> [Your instructions]: Print nothing except the line holding "Dreifið jafnt yfir" and the lines that come after it in the material below, and leave the pictures out.

> [Source material]:
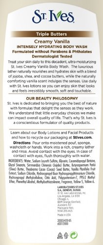 -. Feature : Nourishes Skin with Creamy Jojoba, Shea & Cocoa Butter / Treat your skin daily to this decadent, ultra-moisturizing St. Ives Creamy Vanilla Body Wash. / The luxurious lather naturally nourishes and hydrates skin with a blend of jojoba, shea, and cocoa butters, while the naturally comforting vanilla scent indulges the senses / Use daily with St. Ives lotions so you can enjoy skin that looks and feels irresistibly smooth, soft and touchable. / Dermatologist tested, Formulated without parabens and phthalates
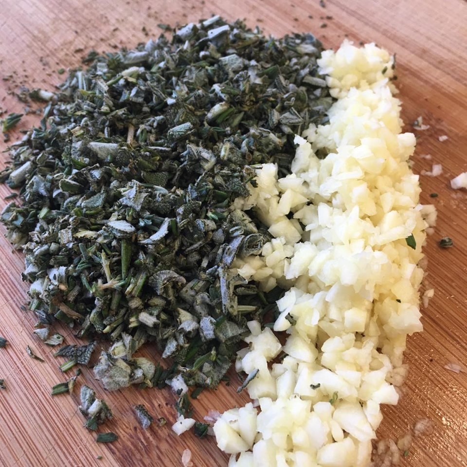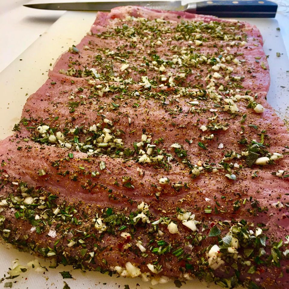 Dreifið jafnt yfir allan kjötflötinn, saxaða hvítlauknum, söxuðu kryddjurtunum, pipar, chiliflögum og kryddið hefðbundið með salti. Klappið þessu aðeins á kjötið til að loði við. Það má sjá til hliðar á mynd, það á að vera mikið af hvítlauk og kryddjurtum á kjötinu.
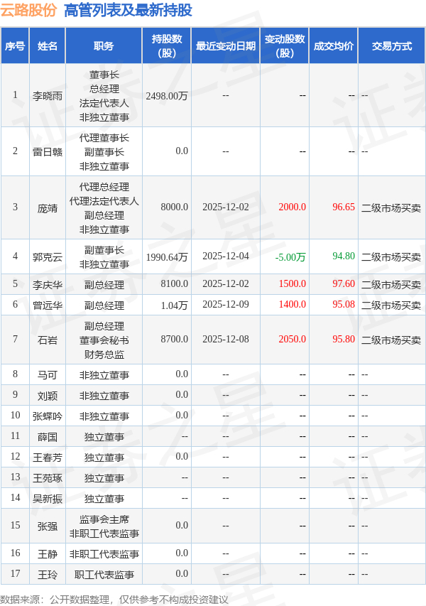 证券之星消息,根据12月17日市场公开信息、上市公司公告及交易所披露数据整理,云路股份(688190)最新董监高及相关人员股份变动情况:2025年12月16日公司董事,高级管理人员庞靖、高级管理人员李庆华共增持公司股份2350.0股,占公司总股本为0.0019%。变动期间公司股价下跌2.52%,12月16日当日收盘报96.55元。
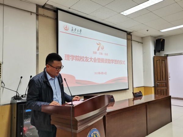 院长宋学力分历史篇、现状篇、展望篇三个篇章对学院的发展进行了介绍。关于未来,学院将继续按照学校整体部署和发展定位,坚持立德树人根本任务,凝聚学院师生、校友和友好合作单位各方力量,努力使学院的人才培养、师资队伍建设、教育教学、科学研究、专业建设、学科建设和国际交流与合作等水平再上新台阶,力争到“十四五”末把学院建设成为“教学成果突出、专业和学科建设水平较高、在行业高校中有一定影响力的理学院”,为学校全面提高人才培养质量提供更加坚强的基础支撑,为广大校友的发展提供更有力的支持和帮助,以学院更好的发展成绩迎接校友下一次的到来。

> [Problem solution]:
 Dreifið jafnt yfir allan kjötflötinn, saxaða hvítlauknum, söxuðu kryddjurtunum, pipar, chiliflögum og kryddið hefðbundið með salti. Klappið þessu aðeins á kjötið til að loði við. Það má sjá til hliðar á mynd, það á að vera mikið af hvítlauk og kryddjurtum á kjötinu.
 证券之星消息,根据12月17日市场公开信息、上市公司公告及交易所披露数据整理,云路股份(688190)最新董监高及相关人员股份变动情况:2025年12月16日公司董事,高级管理人员庞靖、高级管理人员李庆华共增持公司股份2350.0股,占公司总股本为0.0019%。变动期间公司股价下跌2.52%,12月16日当日收盘报96.55元。
 院长宋学力分历史篇、现状篇、展望篇三个篇章对学院的发展进行了介绍。关于未来,学院将继续按照学校整体部署和发展定位,坚持立德树人根本任务,凝聚学院师生、校友和友好合作单位各方力量,努力使学院的人才培养、师资队伍建设、教育教学、科学研究、专业建设、学科建设和国际交流与合作等水平再上新台阶,力争到“十四五”末把学院建设成为“教学成果突出、专业和学科建设水平较高、在行业高校中有一定影响力的理学院”,为学校全面提高人才培养质量提供更加坚强的基础支撑,为广大校友的发展提供更有力的支持和帮助,以学院更好的发展成绩迎接校友下一次的到来。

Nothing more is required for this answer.